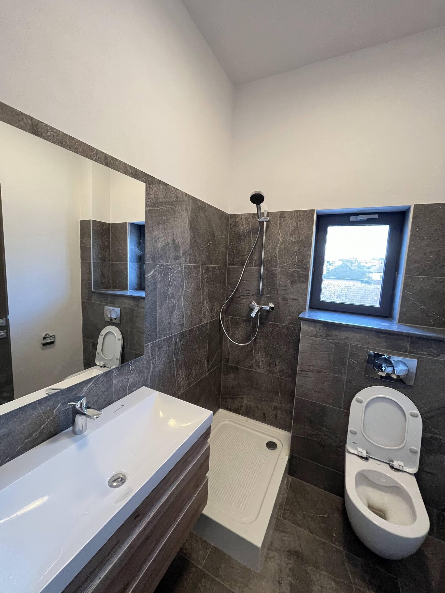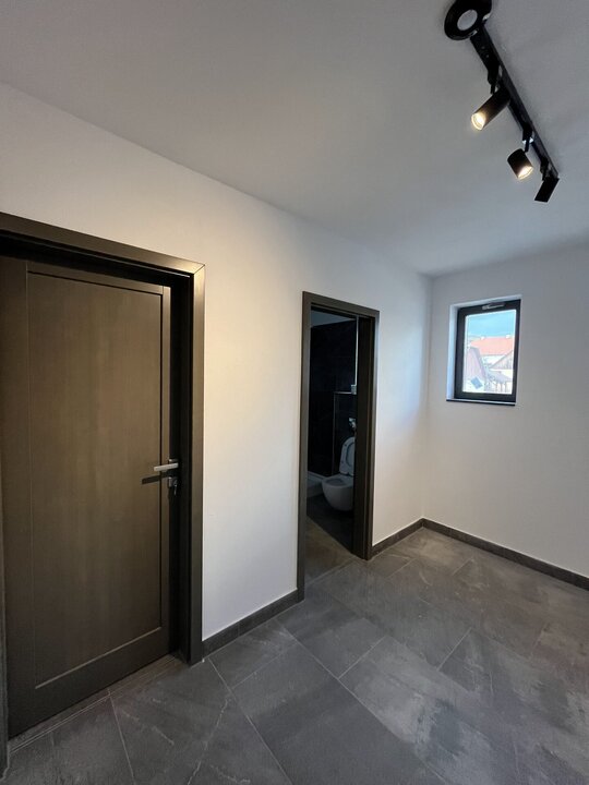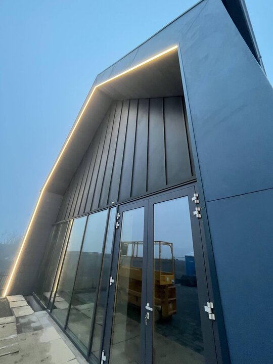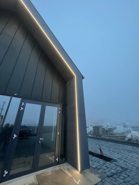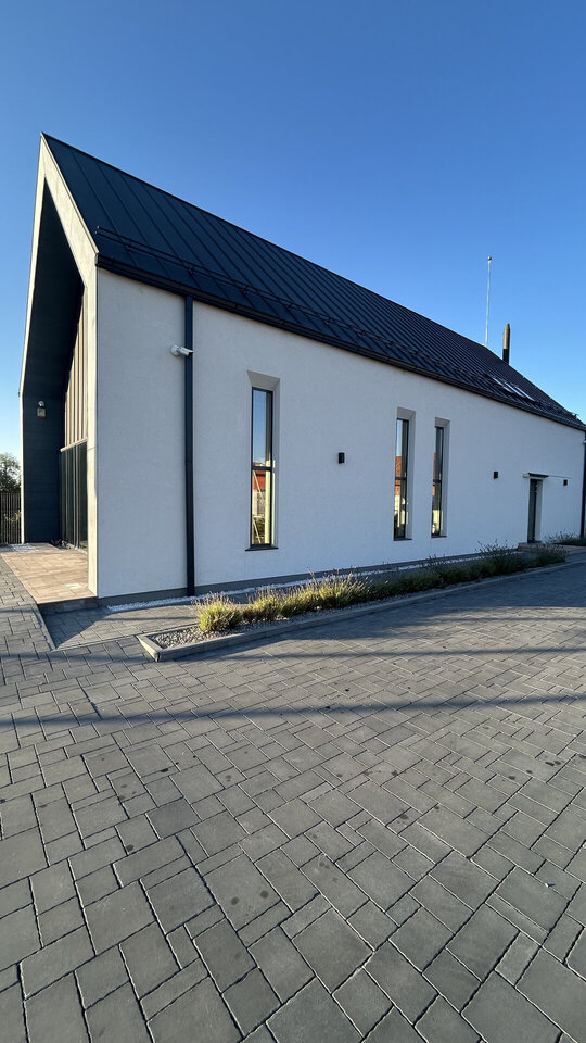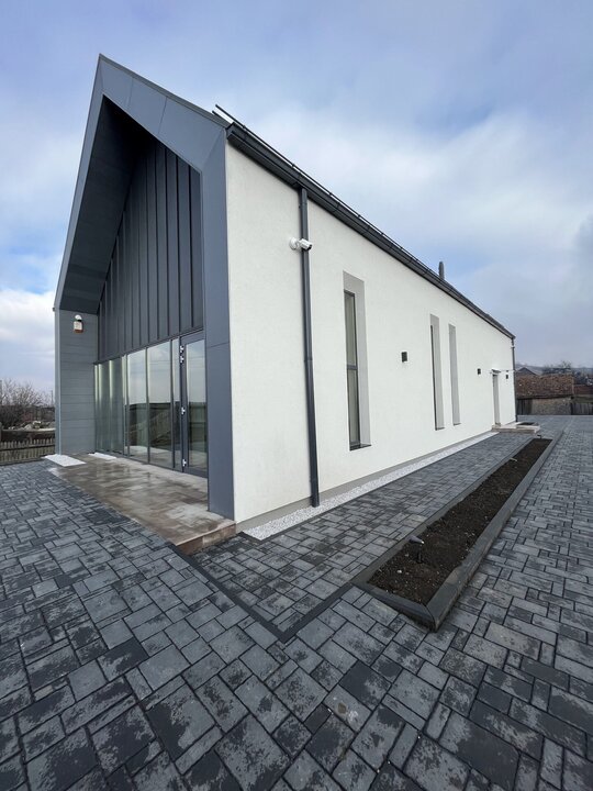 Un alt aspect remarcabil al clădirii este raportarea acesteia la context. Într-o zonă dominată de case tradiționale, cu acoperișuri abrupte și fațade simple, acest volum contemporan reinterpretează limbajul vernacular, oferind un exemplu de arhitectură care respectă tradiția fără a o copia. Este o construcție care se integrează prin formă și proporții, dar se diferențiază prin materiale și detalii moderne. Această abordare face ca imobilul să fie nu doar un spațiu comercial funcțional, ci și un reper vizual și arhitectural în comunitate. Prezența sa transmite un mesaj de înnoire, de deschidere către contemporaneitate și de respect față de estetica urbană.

_ _ _ _ _

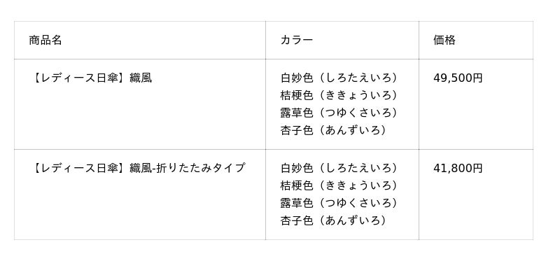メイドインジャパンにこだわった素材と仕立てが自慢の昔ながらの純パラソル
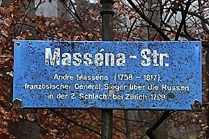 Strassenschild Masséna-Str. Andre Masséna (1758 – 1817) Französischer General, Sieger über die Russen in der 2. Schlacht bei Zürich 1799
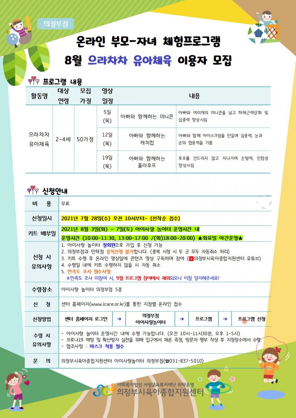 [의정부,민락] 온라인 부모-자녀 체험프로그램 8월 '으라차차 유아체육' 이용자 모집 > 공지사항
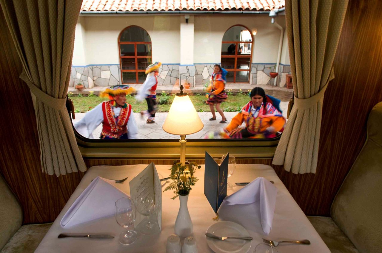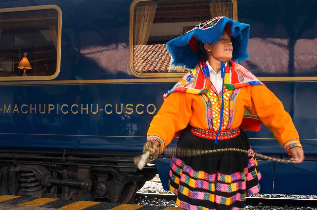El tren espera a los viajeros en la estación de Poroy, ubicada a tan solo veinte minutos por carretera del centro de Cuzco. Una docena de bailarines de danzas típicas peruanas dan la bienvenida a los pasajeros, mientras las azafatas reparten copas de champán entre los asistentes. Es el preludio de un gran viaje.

_ _ _ _ _

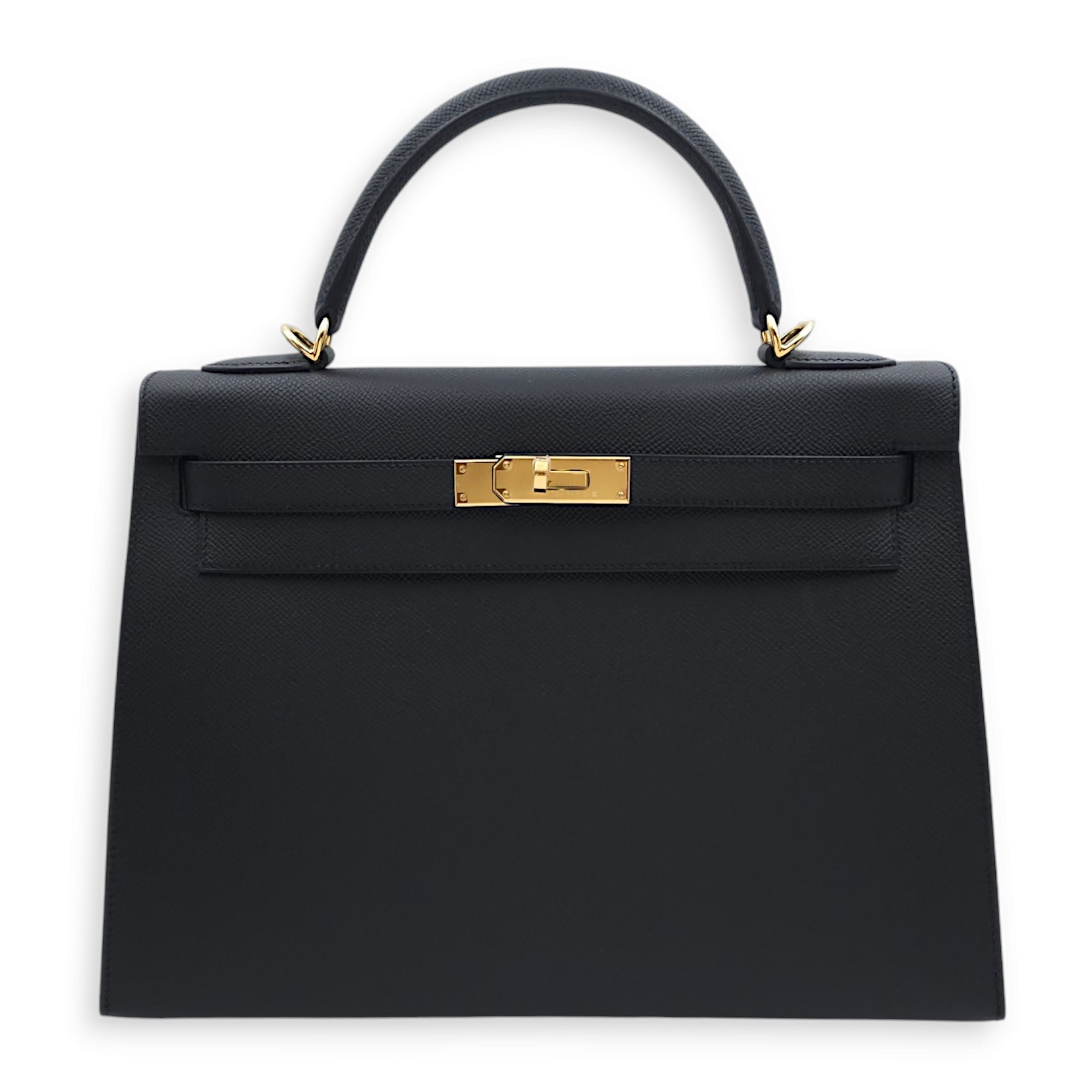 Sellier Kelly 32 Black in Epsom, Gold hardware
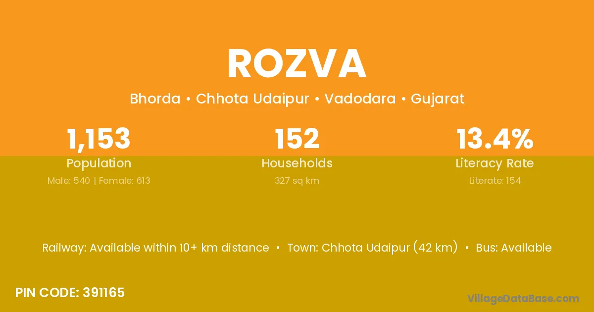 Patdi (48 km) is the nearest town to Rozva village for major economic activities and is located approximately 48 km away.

_ _ _ _ _

TRY IT
In the records above, everything from the line with "Strassenschild Masséna-Str. Andre" down to the line with "El tren espera" is to be set down exactly, both ends included, with no pictures and no other lines.

OUTPUT FOR THIS EXERCISE
 Strassenschild Masséna-Str. Andre Masséna (1758 – 1817) Französischer General, Sieger über die Russen in der 2. Schlacht bei Zürich 1799
 [의정부,민락] 온라인 부모-자녀 체험프로그램 8월 '으라차차 유아체육' 이용자 모집 > 공지사항
El tren espera a los viajeros en la estación de Poroy, ubicada a tan solo veinte minutos por carretera del centro de Cuzco. Una docena de bailarines de danzas típicas peruanas dan la bienvenida a los pasajeros, mientras las azafatas reparten copas de champán entre los asistentes. Es el preludio de un gran viaje.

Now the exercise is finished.